Тиссария на цыпочках метнулась от двери к анфиладе и нырнула в ближайший проём – библиотеку, скрылась за одной из полок. Перевела дух.
 
Она уже достаточно пообтесалась в дворцовой науке, чтобы не рассуждать как подло действует Трибунал, хотя и они, и настоятель друг друга стоили. Закон о колдовстве, соблюдаемый в Риваже, единственное что сдерживает кару по отношению к ней. А как же регистр? Или в свете недавних событий, служению на Трибунал, это к ней не относится?

– Вы слишком навязчивы, – выговорили над самым ухом.

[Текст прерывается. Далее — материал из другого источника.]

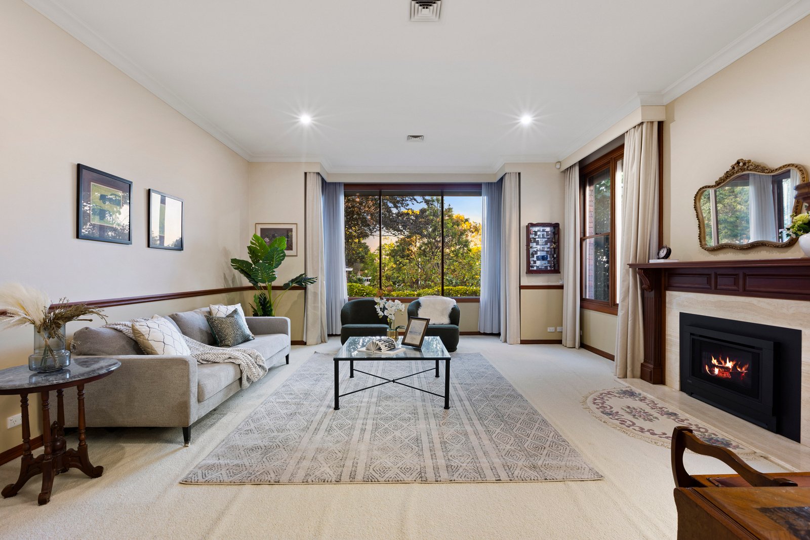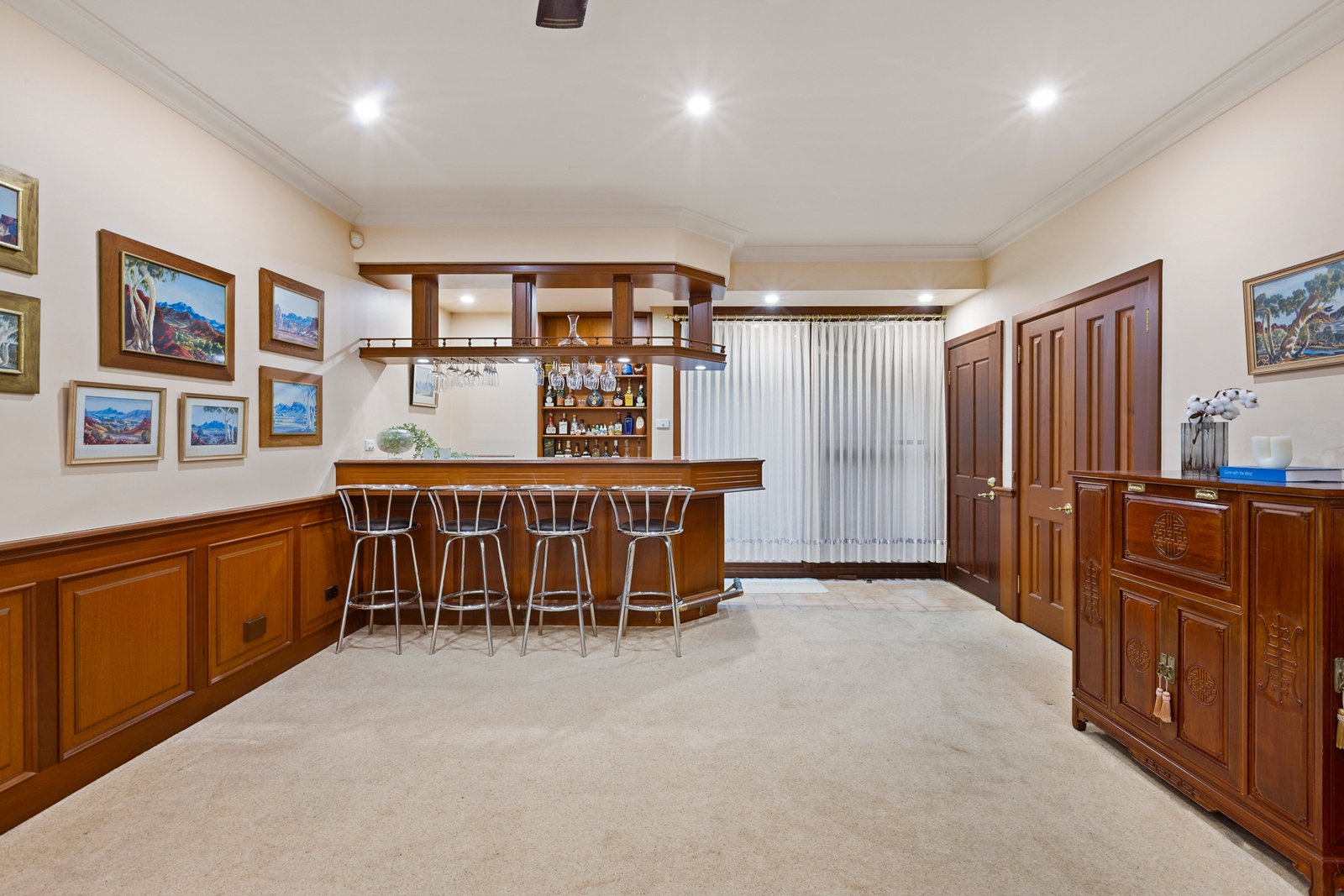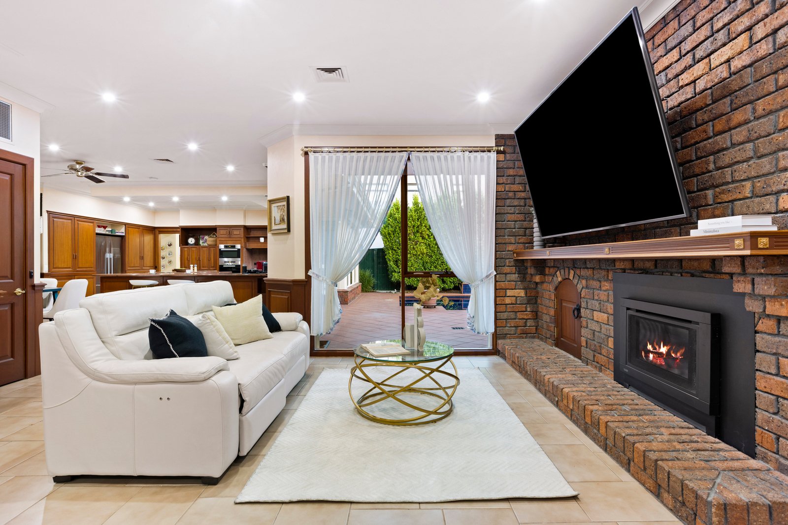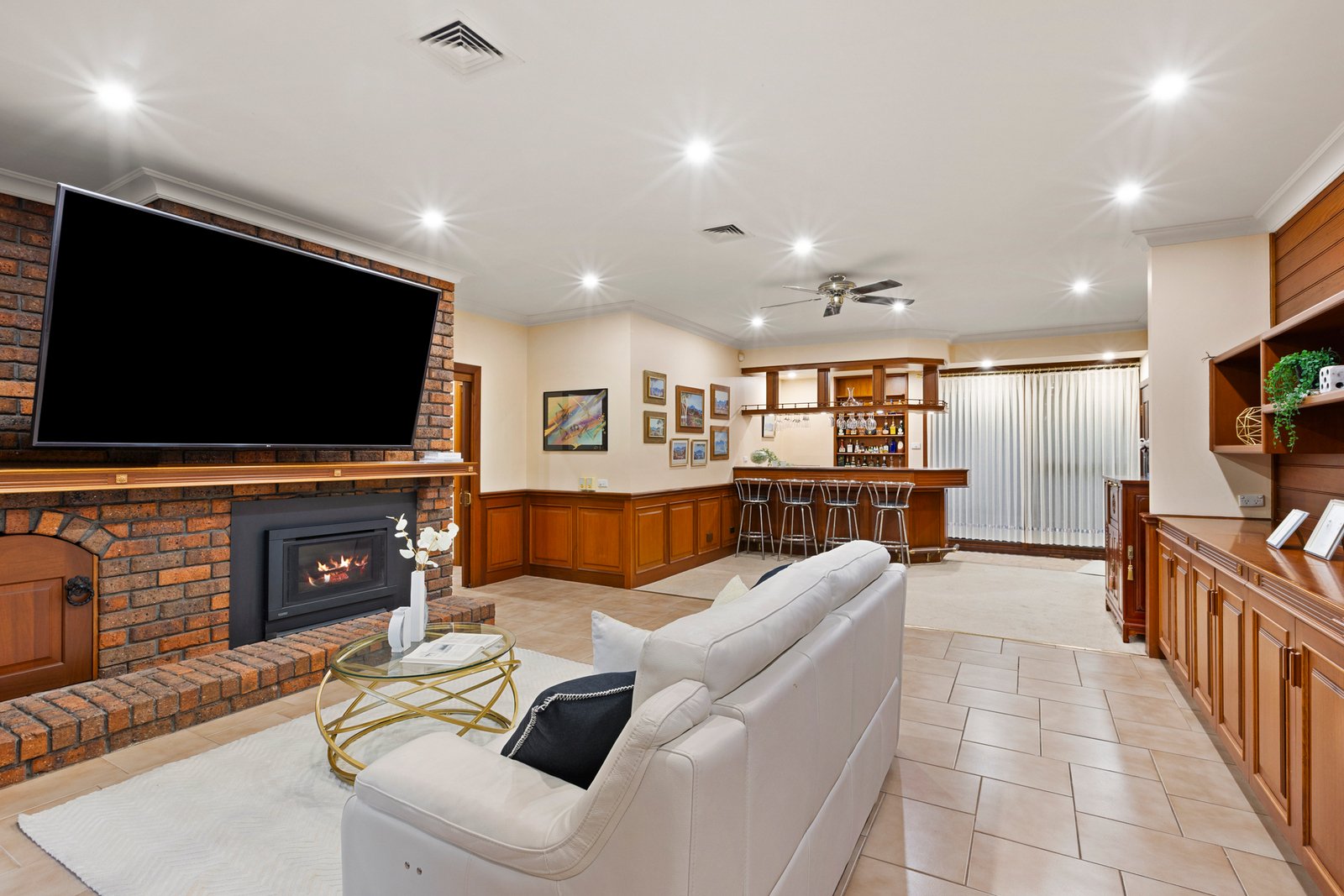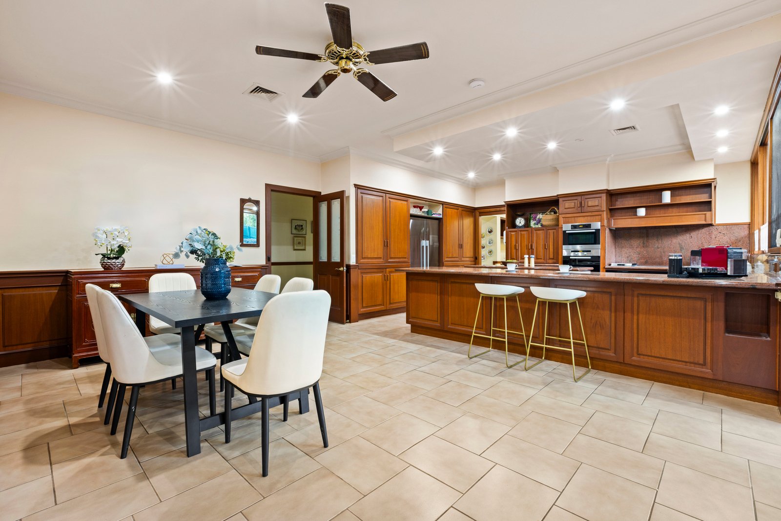 A grand marble-tiled entrance introduces the home, flowing through to a warm and inviting sunken lounge with feature gas fireplace, complemented by an elegant formal dining room. The expansive family and meals zone, complete with a wet bar, is perfectly designed for relaxed living and entertaining.

Тиссария обмерла: а может, не к ней.

– Видеть нужно не привлекая внимание, слушать, будучи невидимой. В анфиладе отлично слышно, что происходит из-за неплотно прикрытой двери,  если напрячь слух. Также слышно и что происходит в коридоре. Сейчас нас точно не видят и не слышат. Вот вам первое задание. Нужно установить связи местного настоятеля: кто к нему ходит, с какими вопросами, поручениями, куда идут его письма, что он рассказывает девушкам на ложе. Передадите сведения через старшину дровосеков.
 
– Как вы смеете, – Задохнулась от возмущения Тиссария. – Это низко: заглядывать в бельё и…и…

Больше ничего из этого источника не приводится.